Как-то в камере я принимал сверху «прогрев» из ларька, и меня на «решке» заметил в волчок надзиратель. Написал рапорт, а Вахидов наградил меня пятнадцатью сутками карцера.
Сидя уже в «трюме», я вызвал врача. Пришла Галина Александровна, измерила мне температуру, сказала:
– У него большая температура. Мы не можем держать его в карцере.
Меня увели назад в камеру. А когда я снова записался к врачу и встретился с Галиной Александровной, она меня отругала:
– Неужели ты не можешь спокойно сидеть в камере? Что, больше некому на «решку» лазить и «грев» принимать?
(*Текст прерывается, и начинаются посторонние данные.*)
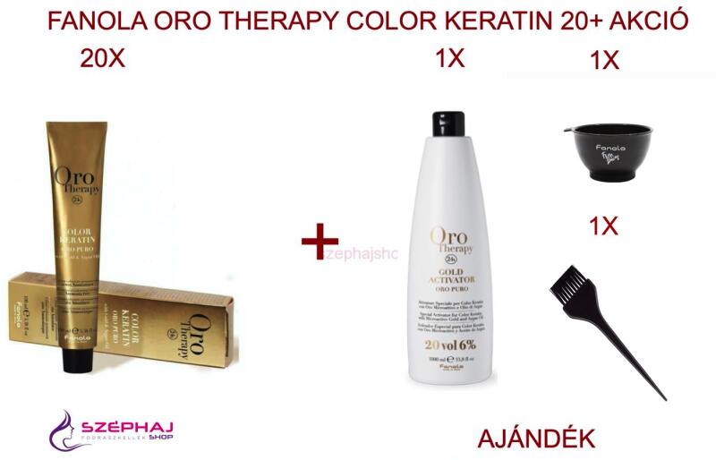 FANOLA ORO Therapy 24K Ammonia Free Permanent Color 100 ml 20+ AKCIÓ A: Egy nagyszerű lehetőség, hogy most még kedvezőbben kipróbáld a FANOLA ORO Therapy 24K Ammonia Free Permanent Color 100 ml hajfestéket! Vásárolj 20 db FANOLA ORO Therapy 24K Ammonia Free Permanent Color 100 ml hajfestéket és mi megajándékpozunk: Ajándék termék: - 1 db 1 db FANOLA Oro Therapy 24k Gold Aktiváto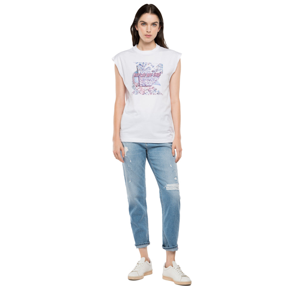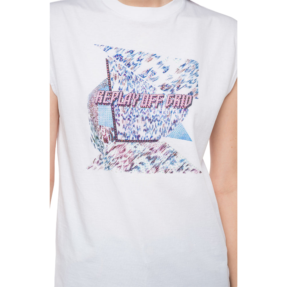 Women's crewneck t-shirt in solid-coloured cotton jersey, regular fit, cap sleeves, ribbed collar, contrasting-coloured edges on the shoulders, REPLAY OFF GRID print with kaleidoscopic effect.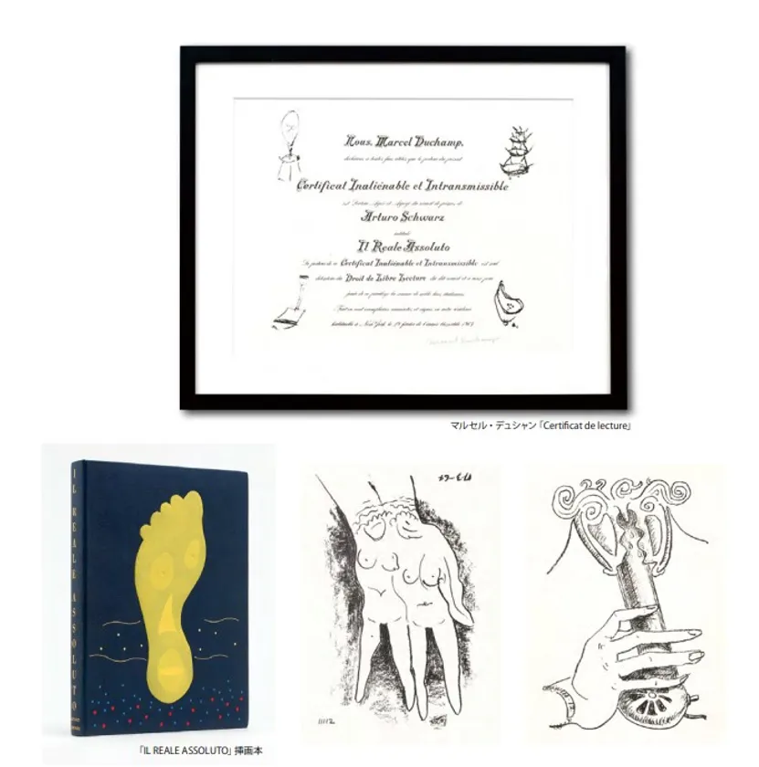 そのうち写真家であり友好関係のあったマン・レイとの共作である、LOT64「IL REALE ASSOLUTO」(挿画本)はデュシャンに関する著作を多く残してきたイタリア人美術史家アルトゥーロ・シュワルツの著書に作家2名によるリトグラフ版画が収められた作品です。

Я пытался объяснить доктору:
– Все ребята слабые в камере. Принять «грев» и затянуть в дырку не могут, только намучаются. Вот я и лезу. Я-то хоть у вас «греюсь», вот и покрепче их всех.
Галина Александровна покормила меня, поцеловала.
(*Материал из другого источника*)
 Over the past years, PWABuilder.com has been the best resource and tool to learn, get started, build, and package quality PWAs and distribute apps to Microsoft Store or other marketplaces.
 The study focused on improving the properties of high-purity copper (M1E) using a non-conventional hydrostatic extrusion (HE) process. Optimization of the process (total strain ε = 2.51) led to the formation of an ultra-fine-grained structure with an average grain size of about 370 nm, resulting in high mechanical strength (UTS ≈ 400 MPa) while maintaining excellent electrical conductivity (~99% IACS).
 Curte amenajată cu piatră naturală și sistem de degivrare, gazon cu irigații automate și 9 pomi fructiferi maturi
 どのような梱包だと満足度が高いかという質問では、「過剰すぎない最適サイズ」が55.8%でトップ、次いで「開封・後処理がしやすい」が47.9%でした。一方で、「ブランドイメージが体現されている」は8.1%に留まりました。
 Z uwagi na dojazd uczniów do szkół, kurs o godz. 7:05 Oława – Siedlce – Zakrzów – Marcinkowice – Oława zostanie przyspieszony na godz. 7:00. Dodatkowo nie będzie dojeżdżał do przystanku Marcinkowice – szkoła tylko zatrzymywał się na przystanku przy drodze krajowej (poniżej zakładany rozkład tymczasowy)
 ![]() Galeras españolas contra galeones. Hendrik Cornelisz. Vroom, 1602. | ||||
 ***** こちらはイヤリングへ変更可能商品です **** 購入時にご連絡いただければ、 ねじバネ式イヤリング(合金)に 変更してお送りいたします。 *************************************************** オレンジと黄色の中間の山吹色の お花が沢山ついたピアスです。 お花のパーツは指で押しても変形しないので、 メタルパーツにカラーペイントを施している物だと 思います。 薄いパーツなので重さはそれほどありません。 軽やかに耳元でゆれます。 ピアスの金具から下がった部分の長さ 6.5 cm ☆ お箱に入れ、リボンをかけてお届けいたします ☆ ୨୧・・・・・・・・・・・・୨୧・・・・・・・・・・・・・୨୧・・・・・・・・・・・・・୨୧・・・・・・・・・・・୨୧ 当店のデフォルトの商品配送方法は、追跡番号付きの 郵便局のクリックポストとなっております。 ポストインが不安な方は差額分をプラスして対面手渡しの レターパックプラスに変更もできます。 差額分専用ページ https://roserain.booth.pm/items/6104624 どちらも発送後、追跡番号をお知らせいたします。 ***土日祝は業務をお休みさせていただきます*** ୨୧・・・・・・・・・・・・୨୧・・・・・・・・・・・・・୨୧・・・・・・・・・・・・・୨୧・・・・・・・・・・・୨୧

– Скоро, Витя, я тебя снова положу в санчасть. Очень уж ты бледный. Мне это не нравится.
Так я месяца три в году лежал в санчасти. А это было для меня настоящим земным раем. Хотя что такое рай земной, я только догадывался, но в сравнении с тюремной камерой – это был рай. Все познается в сравнении. И костер нашей любви с Галиной Александровной вспыхивал с новой силой и страстью. Палок для этого костра я не жалел. Месяц пролетал как во сне, и я снова уходил в камеру.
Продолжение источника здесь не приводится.